EXTRACTED DATA
──────

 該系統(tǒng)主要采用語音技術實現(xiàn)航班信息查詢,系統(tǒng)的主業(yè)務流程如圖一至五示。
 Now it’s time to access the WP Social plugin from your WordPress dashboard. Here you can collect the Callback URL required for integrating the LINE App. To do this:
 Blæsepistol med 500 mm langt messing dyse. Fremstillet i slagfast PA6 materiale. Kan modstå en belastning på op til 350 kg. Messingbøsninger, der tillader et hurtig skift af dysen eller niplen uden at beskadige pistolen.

──────

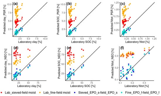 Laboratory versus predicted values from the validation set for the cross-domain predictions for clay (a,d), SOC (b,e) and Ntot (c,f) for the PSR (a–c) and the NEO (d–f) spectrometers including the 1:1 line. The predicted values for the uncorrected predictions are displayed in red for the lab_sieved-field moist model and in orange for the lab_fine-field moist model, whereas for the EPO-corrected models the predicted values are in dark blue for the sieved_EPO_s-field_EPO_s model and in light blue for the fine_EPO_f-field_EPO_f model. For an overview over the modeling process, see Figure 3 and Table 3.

──────

PROBLEM TO SOLVE
Beginning with the line above that contains "該系統(tǒng)主要采用語", copy each line exactly up to and including the line that contains "Blæsepistol med 500", and go no further.

RESPONSE
 該系統(tǒng)主要采用語音技術實現(xiàn)航班信息查詢,系統(tǒng)的主業(yè)務流程如圖一至五示。
 Now it’s time to access the WP Social plugin from your WordPress dashboard. Here you can collect the Callback URL required for integrating the LINE App. To do this:
 Blæsepistol med 500 mm langt messing dyse. Fremstillet i slagfast PA6 materiale. Kan modstå en belastning på op til 350 kg. Messingbøsninger, der tillader et hurtig skift af dysen eller niplen uden at beskadige pistolen.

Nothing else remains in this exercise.